> **Your goal**:
Restate the whole of the data below word for word, skipping the images.
[[ Entries shown, beginning ]]
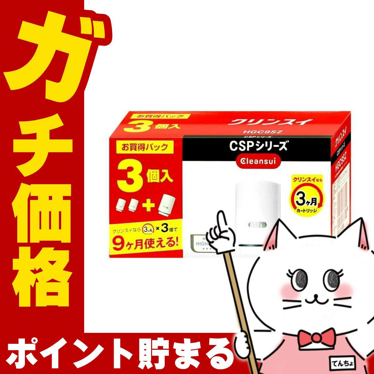 他の画像を見る 【即納】 三菱ケミカル HGC9SZ クリンスイ 蛇口直結型浄水器カートリッジ 3個入り【Cleansui】【交換用カートリッジ CSPシリーズ】【宅配便送料無料】(6057519) 送料無料 ¥ 6,559 税込 詳細を見る お気に入りに登録する 5.00 (4)
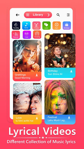 If you really wanna cool option to create your own videos with having beautiful effects like cool effects,slide effects,color effects,stylish effect on photo,unique animation with custom audio from gallery app,also lyrics video editing is our another new highlight for all lyrics video status maker and video status master.
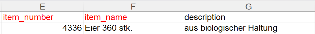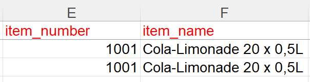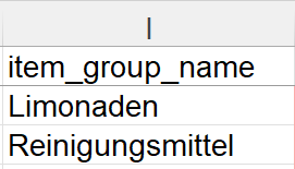 Wird eine Warengruppennummer angegeben, ist die Spalte item_group_name verpflichtend auszufüllen.
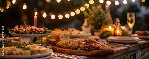 Cozy Fourth of July dinner table adorned with patriotic decorations, themed centerpieces, and sun flare highlighting the festive atmosphere
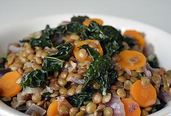 En una olla, ponemos agua a hervir y cocemos las lentejas escurridas durante 30 minutos a fuego lento. Mientras, lavamos y cortamos la kale, la zanahoria y la cebolla.
[[ Entries shown, end ]]
> **Response below**:
 他の画像を見る 【即納】 三菱ケミカル HGC9SZ クリンスイ 蛇口直結型浄水器カートリッジ 3個入り【Cleansui】【交換用カートリッジ CSPシリーズ】【宅配便送料無料】(6057519) 送料無料 ¥ 6,559 税込 詳細を見る お気に入りに登録する 5.00 (4)
 If you really wanna cool option to create your own videos with having beautiful effects like cool effects,slide effects,color effects,stylish effect on photo,unique animation with custom audio from gallery app,also lyrics video editing is our another new highlight for all lyrics video status maker and video status master.
 Wird eine Warengruppennummer angegeben, ist die Spalte item_group_name verpflichtend auszufüllen.
 Cozy Fourth of July dinner table adorned with patriotic decorations, themed centerpieces, and sun flare highlighting the festive atmosphere
 En una olla, ponemos agua a hervir y cocemos las lentejas escurridas durante 30 minutos a fuego lento. Mientras, lavamos y cortamos la kale, la zanahoria y la cebolla.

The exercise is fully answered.